In Birmingham last weekend there were bag searches on the way in to the NEC. That is, if you didn't walk in just behind someone else with a bag, your bag might get searched. For values of "searched" equal to "open the main body of the bag, look at what's on top". I could do a better bag search than that, and I've never even been trained in it; it was pure theatre, meant to make people feel Protected. And theatre on the cheap at that; the poor buggers doing the searches weren't even being paid overtime, they'd been "invited" to give up their weekends.

Meanwhile over in the election: well, I haven't started believing the promises politicians make. But I can't help notice that party A is promising things that are clearly a terrible idea: "no safe places for bad people on the Internet" is exactly the same as "no privacy for anyone on the Internet". And we've seen "we will stamp out extremists" before (and it hasn't worked over the last fifty years): "extremists" have already been redefined as "anyone who doesn't agree with government policy".

Meanwhile party B is promising things that it obviously won't deliver, but would at least potentially make life better rather than worse if they did happen. Party C is the one that's trying to be a voice of sanity, and is clearly going to do terribly as a result.


  1. Posted by Dr Bob at 11:34am on 08 June 2017

    Oh yeah. I heard on the news that we had troops on the streets and went WTF? Have I fallen into some parallel universe?

    The other thing no-one seems to be talking about is that we've all been told we're special and we all deserve our 15 minutes of fame - and the ravening beast which is 24 hour rolling news coverage must be fed.

    It's a vicious circle.
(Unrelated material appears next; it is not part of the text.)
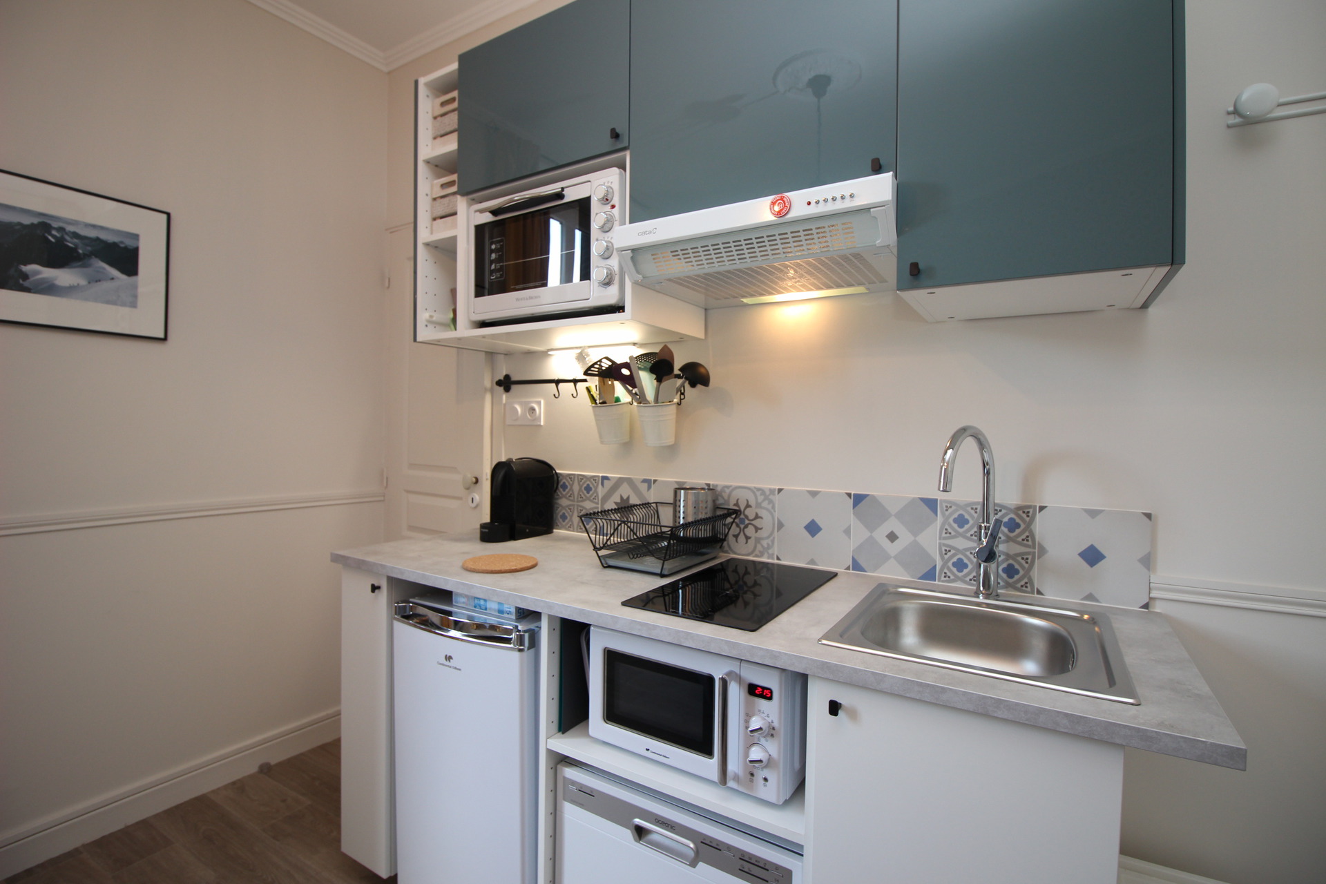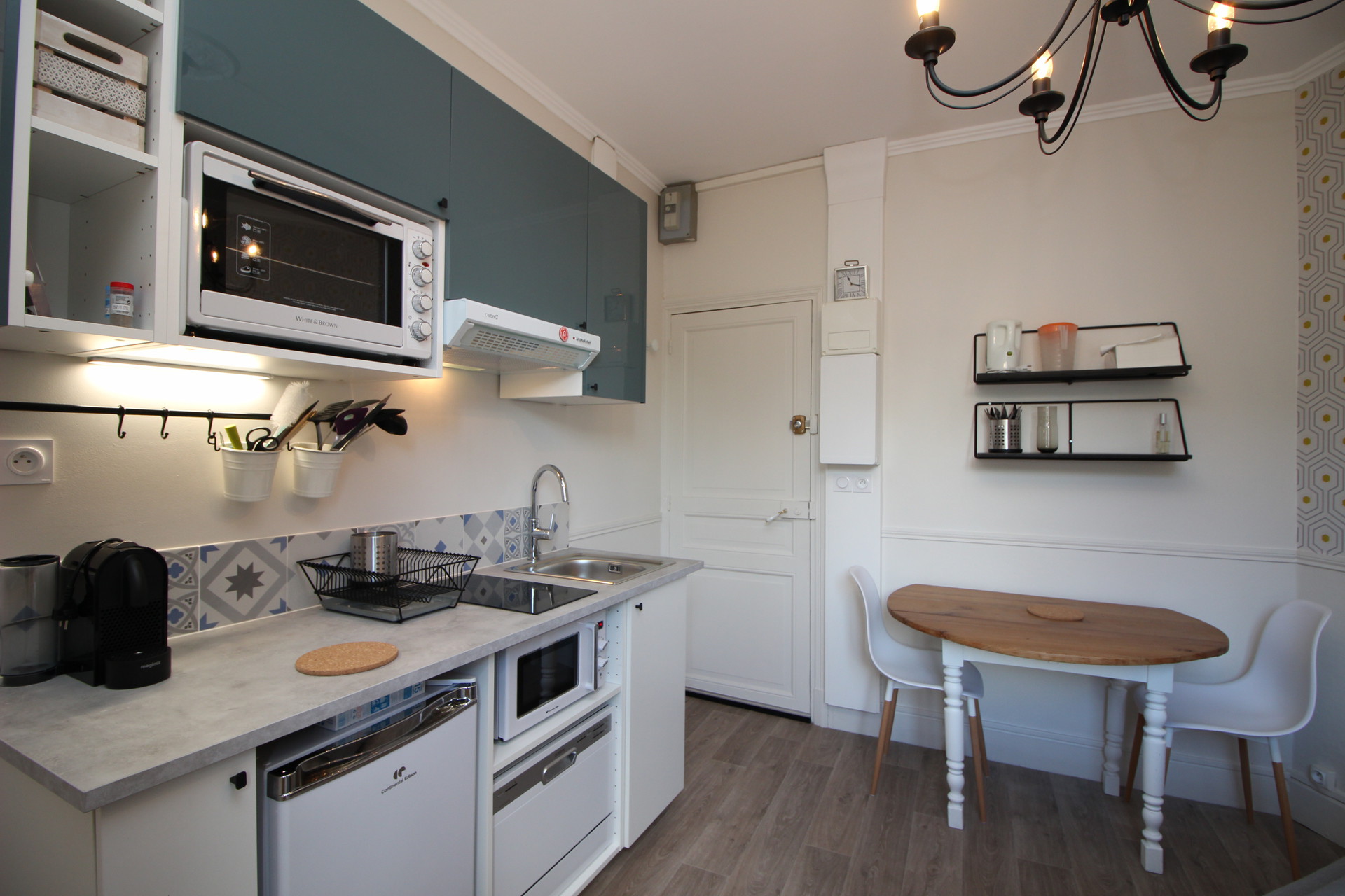 Il se compose d'une pièce à vivre avec cuisine US équipée avec plaque vitrocéramique, réfrigérateur top, four, micro-ondes, lave-vaisselle ...

Every time the media goes nuts over a Hungerford or Columbine or 'terror attack', it validates killing people in public as a method of giving your life meaning and/or becoming instantly famous.

  2. Posted by Michael Cule at 11:40am on 08 June 2017

    Well, yes.

    I thought you gave up on politics and news and things in the interests of a quiet, healthy life?

    Tell you what, let's go up to Oxford this evening just like we planned to anyway and play board games as per usual. Nothing with an election theme though...

  3. Posted by Owen Smith at 02:56pm on 08 June 2017

    I also remember the IRA bombings from the mid 1970s onwards. We just ignored them and got on with life, even if we were going to Manchester (nice job of urban clearance the IRA did for us there, saved us a shed load of money). People paid more attention to not going out alone at night due to the Yorkshire Ripper (if they were female).

    I was in Egypt on holiday with my parents and aunt at the time of the attack at the Temple of Queen Hatchepsut, we'd been at that very temple a couple of days earlier. We were evacuated one week into a two week holiday, very annoyingly. My dad asked if we could stay and argued we were just as safe after the attack as we were before it so why create chaos (and a juicy target with us all packed into the airport) and send us all home? We were told we had no choice, we had to go home, and anyway all the archeological sites would be shut so there would be nothing to see.

  4. Posted by John Dallman at 08:37pm on 08 June 2017

    Indeed, the strategy as outlined was what Al-Queda were trying in 2001. They planned to provoke a US intervention in the Middle East (success) and like most revolutionaries, vastly overestimated the number of people who would come to the same conclusions as them. If it hadn't been for the utter clumsiness of the US occupations, the whole thing would have been a failure.

  5. Posted by Nick Marsh at 11:15pm on 17 June 2017

    Absolutely agree - and it turns out your predictions were correct. I know 24 hour news has been around for a while but it seems to have reached new heights of mining a story for every tiny nugget of emotion/misery until we all feel thoroughly depressed. In the case of terrorism, this is exactly what they want us to do. What sort of strategy is it to give the enemy what they want?

    Keep calm and carry on: it became a soundbite, and then a meme, but it seems no-one actually paid attention to the meaning.